Mobility Restrictions and Risk-Related Agency Conflicts: Evidence from a Quasi-Natural Experiment
Manager-shareholder agency conflicts of interest manifest themselves in several forms. They include manager shirking and the consumption of private benefits, which have been the subject of extensive study. However, a frequently overlooked variant of this problem is risk-related agency conflicts. These conflicts of interest arise from the inconsistency in the risk preferences of diversified shareholders and their under-diversified managers. One important source of risk-related shareholder-manager conflicts is managerial career concerns, which include future career opportunities with rival firms.

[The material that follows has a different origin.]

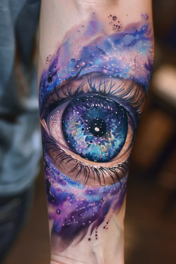 This galaxy-inspired eye tattoo is a dream for anyone who loves a little cosmic mystery. The deep blue and purple hues swirl together, creating a celestial masterpiece that looks like a portal to another world. Tiny white stars scatter across the design, giving it an ethereal glow. The iris itself is a universe of colors, with a hypnotic mix of blues, purples, and blacks that make it feel like the cosmos is staring back. Soft shading around the eye blends seamlessly into the watercolor-style galaxy, making the whole piece feel fluid and organic.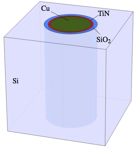In 1.7, the general design of a TSV is shown as a cylinder of conducting material which is electrically isolated from the silicon wafer by an isolation layer, typically made of silicon dioxide (SiO2) and called TSV liner, surrounding the TSV conductor [84].

To explore variations in career concerns driven by outside employment options, we investigate the effects of state court recognition of the Inevitable Disclosure Doctrine (IDD) as a quasi-natural experiment. Under this legal doctrine, a firm can prevent its former employee from working for a rival if this employment would “inevitably” result in the employee divulging firm trade secrets to the rival, thereby exposing the firm to irreparable harm. Thus, court recognition of IDD in a firm’s headquarter state enhances the firm’s trade secrets protection by imposing stricter enforcement of post-employment restrictions geographically on managers who have proprietary knowledge of firm trade secrets. Another attraction of using IDD as a shock is that its state court IDD recognition is staggered over our sample period, which allows us to rule out alternative hypotheses tied to calendar time such as macroeconomic events.
Unfortunately, an unintended effect of IDD recognition by individual state courts is that it reduces managers’ future employment opportunities at rival firms and thus, heightens their career concerns. Importantly, such career concerns are much less relevant for founder-managers, who are unlikely to find joining a rival firm an attractive career option. To identify CEOs who rely more heavily on outside employment, we use a unique dataset that captures the ex-ante differences in CEO entrepreneurial spirit based on whether CEOs are firm founders or professional managers.
We find that firms managed by professional/hired CEOs, for whom career concerns are aggravated by IDD, exhibit a significant decline firm risk-taking measured by both Stock Volatility and Cashflow Volatility, while no such effects are observed for founder-CEO led firms where interests in careers at rival firms are low. To provide more direct evidence on the effect of intensified agency conflicts due to IDD induced managerial career concerns, we extensively test our baseline hypotheses across major corporate policy choices, e.g., capital structure and acquisition decisions on which CEOs are known to have significant influence.
Investigating a stream of evidence on the under-utilization of debt-capacity by professional managers after state court recognition of IDD, we find that risk-related agency problems can significantly distort a firm’s leverage and capital structure decisions. We also find that after IDD adoption, professional CEO led firms make fewer investments in high-risk strategic projects such as research and development expenses (R&D) and firm-specific intangible investments such as advertising expenditures, relative to that in founder-CEO led firms.
Disentangling career concerns from CEOs’ general degree of risk-aversion is quite challenging. To gain further insights into the underlying sources of risk-related agency conflicts, we utilize corporate acquisitions as a laboratory for study. We document a notable change in the ‘acquisition style’ of professional-CEO firms following IDD adoption that adds further support for the importance of risk-related agency problems. If general managerial risk-aversion explains our results, then we should expect to observe more diversified acquisitions. However, we find that following state court recognition of IDD, professional-CEO led firms shift to acquiring targets within their own industry, since acquisitions in other industries would further restrict CEO career opportunities. Moreover, we document in the post-IDD period disproportionately more negative stock market reactions to these acquisitions, and especially to within industry acquisitions by professional-CEO led firms. This provides direct evidence of shareholder value destruction, which represents a clear example of risk-related agency conflicts.
In sum, we show that CEOs experiencing exacerbated career concerns after state court IDD recognition, will trade off the benefits of trade secrets protection against risk-related agency conflicts that distort corporate financing and investment decisions. Thus, our study highlights that unless these agency conflicts are recognized, seemingly beneficial regulatory changes may, in fact, be detrimental to shareholder interests, due to the underlying tension between diversified shareholders and under-diversified CEOs.